• Prompt:
Please give back, exactly as written, the lines from the line with "Область применения Architectural" to the line with "国産デニムの雄「井原デニム」" in the listing below, leaving out all pictures.

• Study material:
□ □ □ □ □

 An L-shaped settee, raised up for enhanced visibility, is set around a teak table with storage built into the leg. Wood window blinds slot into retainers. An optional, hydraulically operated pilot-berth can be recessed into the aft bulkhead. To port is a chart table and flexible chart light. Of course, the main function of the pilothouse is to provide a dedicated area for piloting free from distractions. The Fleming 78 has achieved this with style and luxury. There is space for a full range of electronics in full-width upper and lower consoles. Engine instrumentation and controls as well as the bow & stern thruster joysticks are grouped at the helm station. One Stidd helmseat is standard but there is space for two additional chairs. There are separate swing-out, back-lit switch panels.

□ □ □ □ □

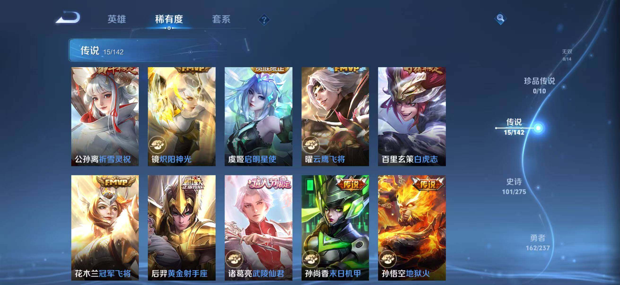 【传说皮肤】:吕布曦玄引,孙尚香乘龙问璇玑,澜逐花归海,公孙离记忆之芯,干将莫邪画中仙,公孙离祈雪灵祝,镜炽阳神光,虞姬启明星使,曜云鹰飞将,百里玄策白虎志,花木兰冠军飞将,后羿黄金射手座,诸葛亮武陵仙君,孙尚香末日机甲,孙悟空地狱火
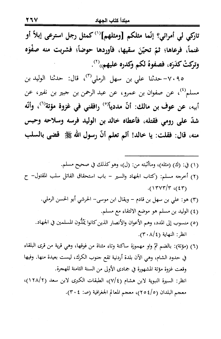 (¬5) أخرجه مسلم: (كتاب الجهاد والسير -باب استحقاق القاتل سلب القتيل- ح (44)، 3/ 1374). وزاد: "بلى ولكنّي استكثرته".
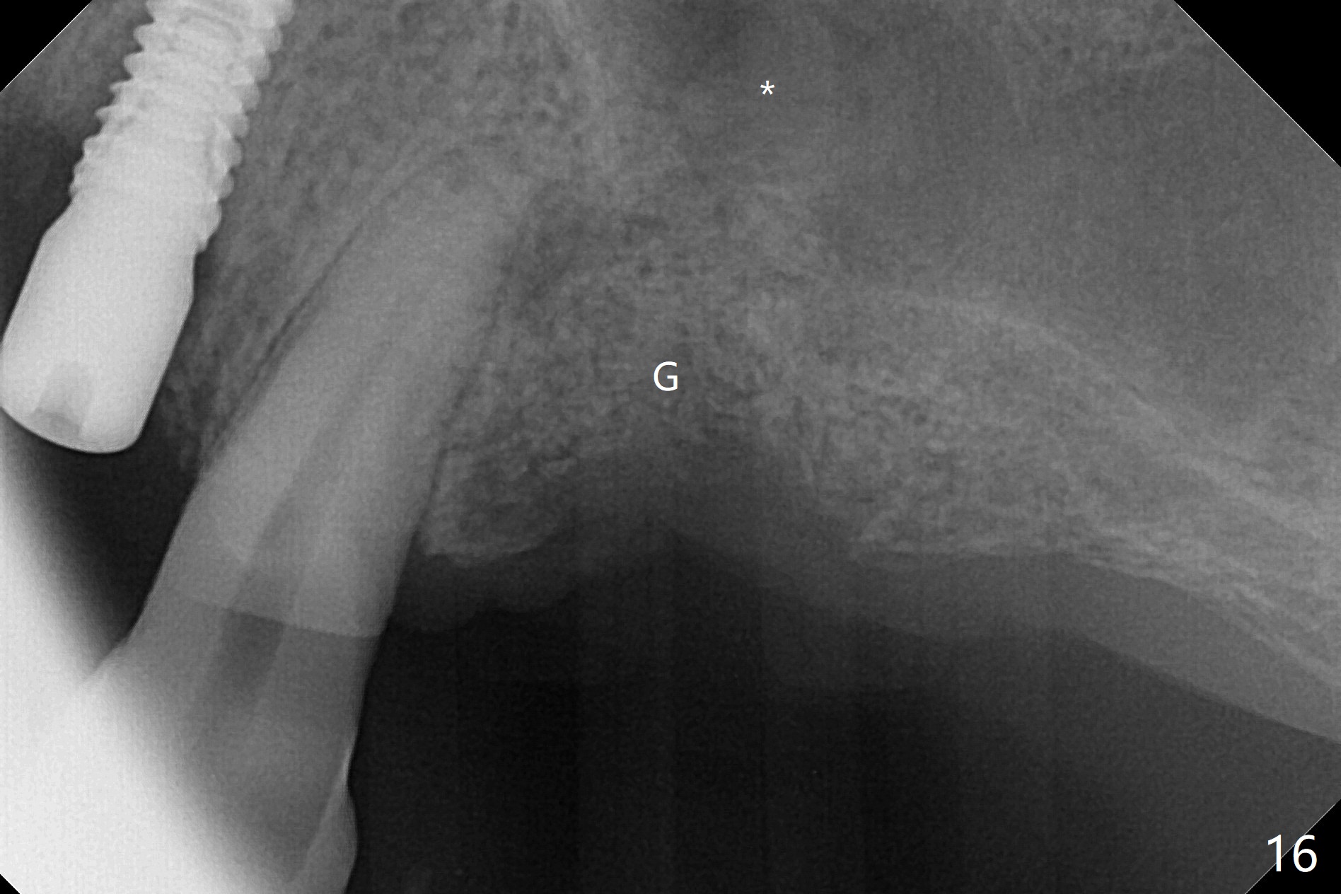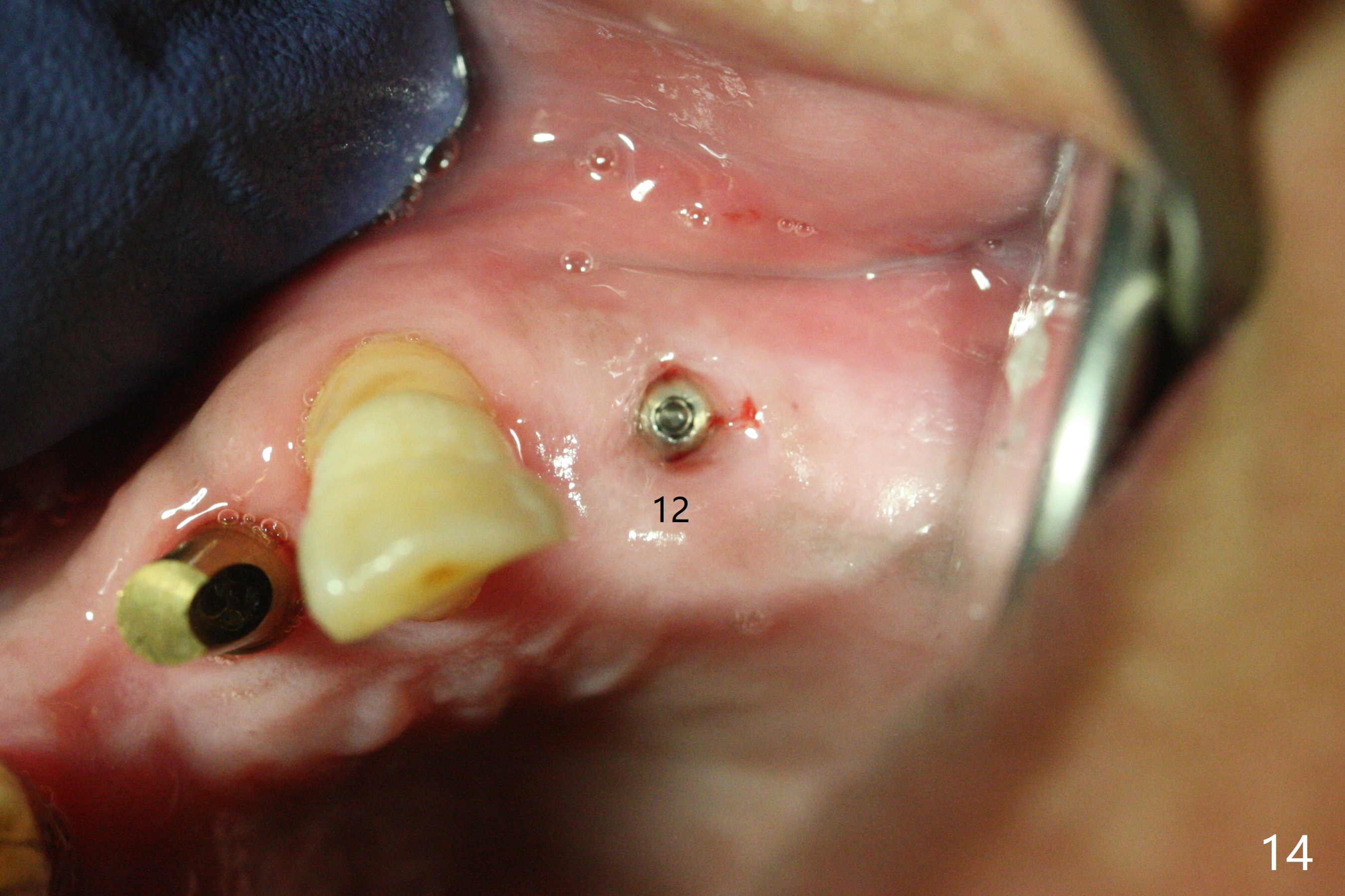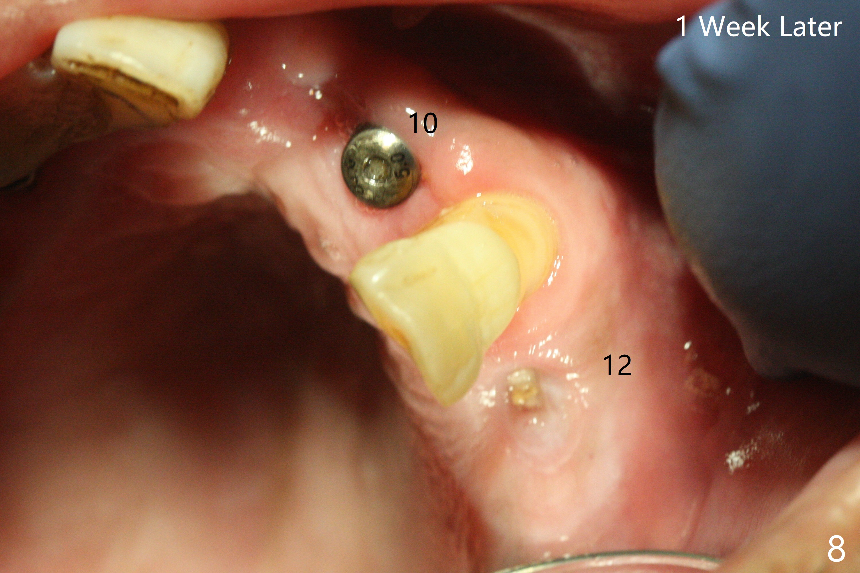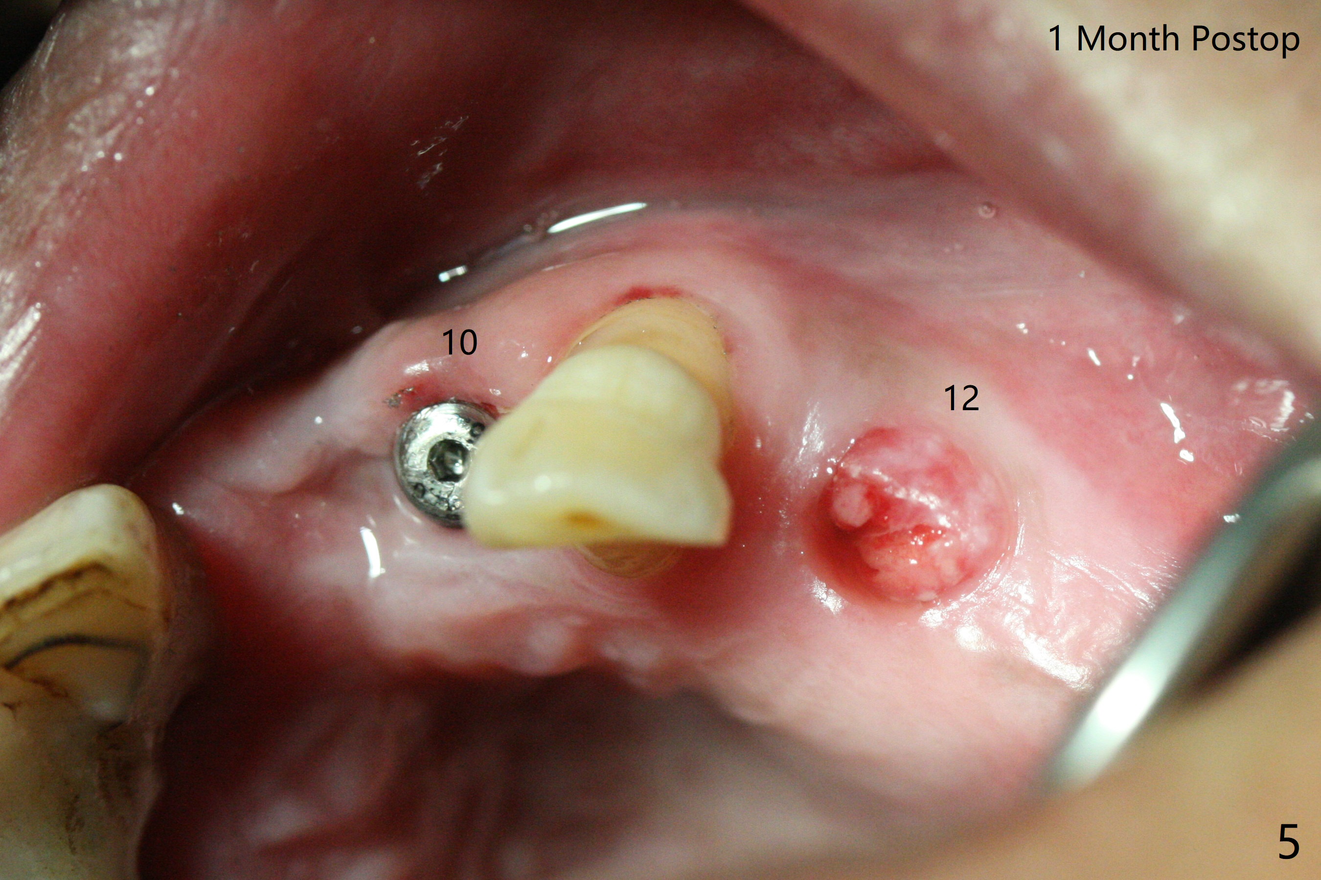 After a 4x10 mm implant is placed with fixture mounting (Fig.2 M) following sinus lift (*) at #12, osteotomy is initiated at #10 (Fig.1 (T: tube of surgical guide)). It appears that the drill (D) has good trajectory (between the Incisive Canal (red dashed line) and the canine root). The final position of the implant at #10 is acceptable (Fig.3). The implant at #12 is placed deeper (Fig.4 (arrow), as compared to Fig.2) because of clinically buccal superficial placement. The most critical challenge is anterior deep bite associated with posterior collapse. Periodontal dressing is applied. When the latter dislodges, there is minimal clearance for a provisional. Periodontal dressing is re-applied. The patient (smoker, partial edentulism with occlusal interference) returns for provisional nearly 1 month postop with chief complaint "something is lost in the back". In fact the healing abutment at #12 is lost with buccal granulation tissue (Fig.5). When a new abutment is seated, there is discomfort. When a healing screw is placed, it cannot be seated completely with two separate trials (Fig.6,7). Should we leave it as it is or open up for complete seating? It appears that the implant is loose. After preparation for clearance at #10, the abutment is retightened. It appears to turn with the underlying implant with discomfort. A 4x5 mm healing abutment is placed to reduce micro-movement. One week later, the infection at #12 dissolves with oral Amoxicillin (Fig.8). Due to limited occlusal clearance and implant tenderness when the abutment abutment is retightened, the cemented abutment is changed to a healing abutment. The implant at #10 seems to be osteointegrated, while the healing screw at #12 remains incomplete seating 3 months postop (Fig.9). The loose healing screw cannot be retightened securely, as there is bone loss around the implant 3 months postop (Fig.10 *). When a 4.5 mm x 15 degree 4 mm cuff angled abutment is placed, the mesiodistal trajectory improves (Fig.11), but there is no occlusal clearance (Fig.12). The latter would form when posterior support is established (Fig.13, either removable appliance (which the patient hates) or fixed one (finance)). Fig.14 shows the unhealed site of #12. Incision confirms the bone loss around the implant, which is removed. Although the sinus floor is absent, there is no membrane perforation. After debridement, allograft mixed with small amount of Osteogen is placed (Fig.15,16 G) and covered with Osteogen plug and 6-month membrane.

□ □ □ □ □

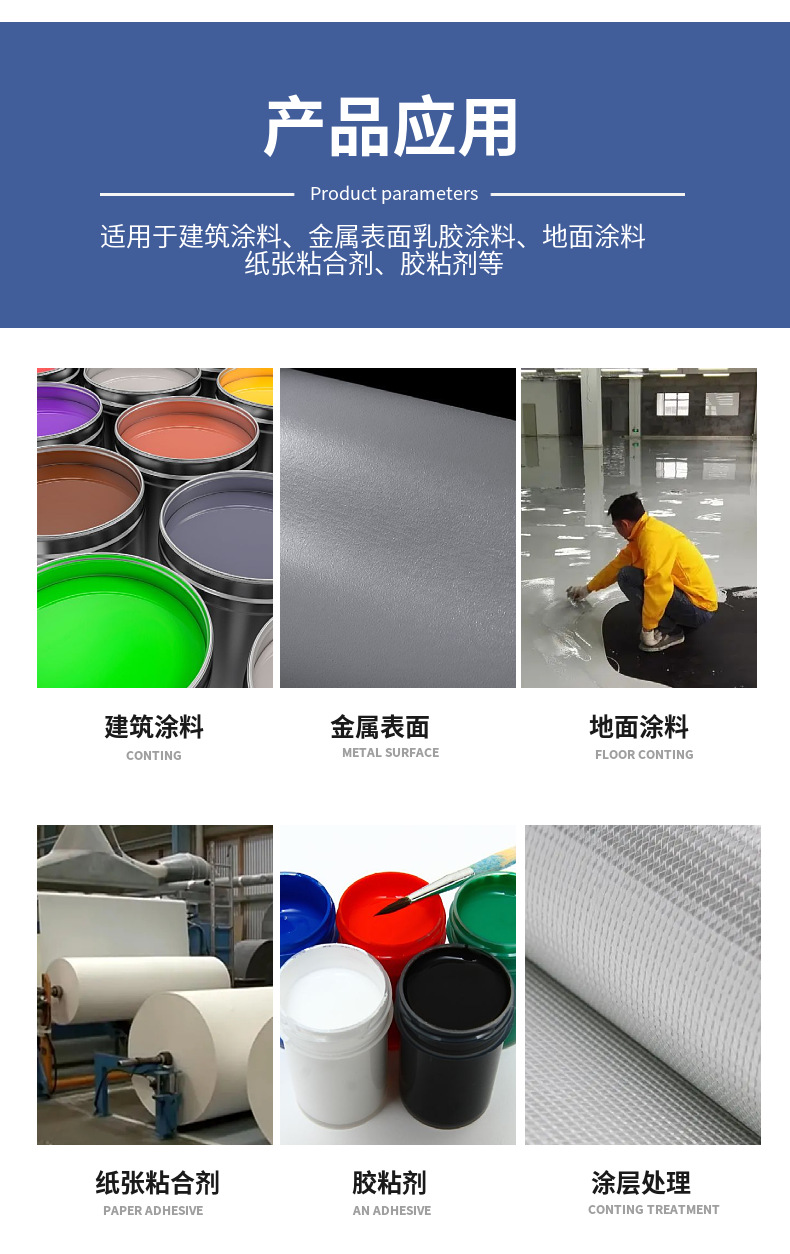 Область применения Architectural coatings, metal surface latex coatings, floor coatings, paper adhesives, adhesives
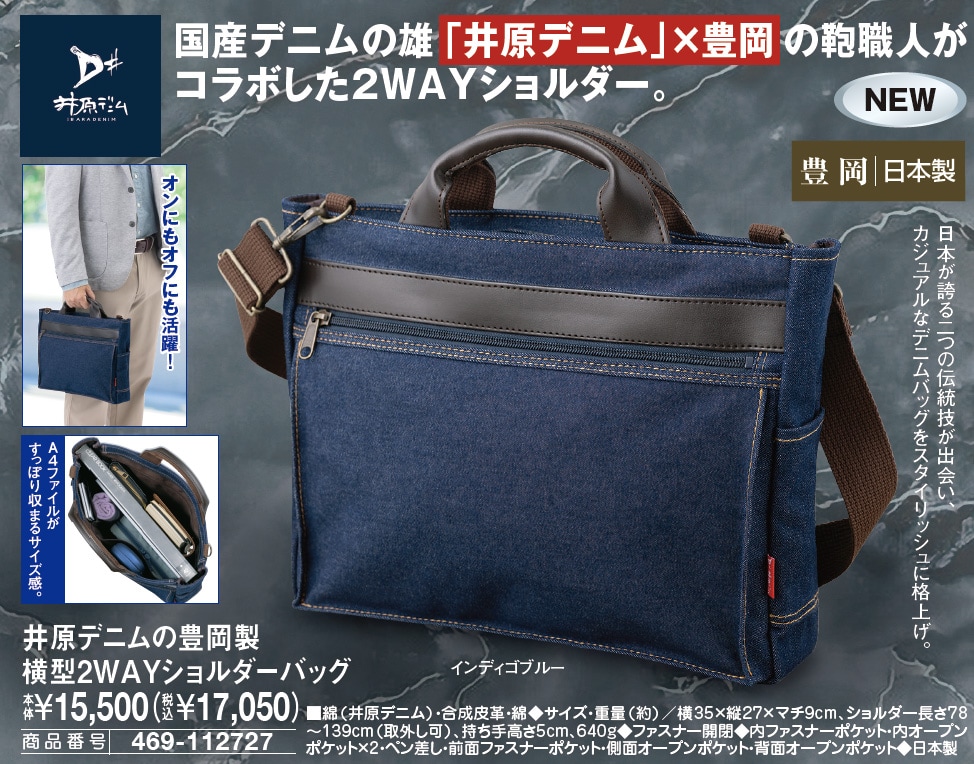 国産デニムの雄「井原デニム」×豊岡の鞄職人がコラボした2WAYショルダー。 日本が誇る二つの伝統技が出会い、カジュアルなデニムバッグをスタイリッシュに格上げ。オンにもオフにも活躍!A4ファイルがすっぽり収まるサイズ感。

□ □ □ □ □

• Answer for the task:
 Область применения Architectural coatings, metal surface latex coatings, floor coatings, paper adhesives, adhesives
 国産デニムの雄「井原デニム」×豊岡の鞄職人がコラボした2WAYショルダー。 日本が誇る二つの伝統技が出会い、カジュアルなデニムバッグをスタイリッシュに格上げ。オンにもオフにも活躍!A4ファイルがすっぽり収まるサイズ感。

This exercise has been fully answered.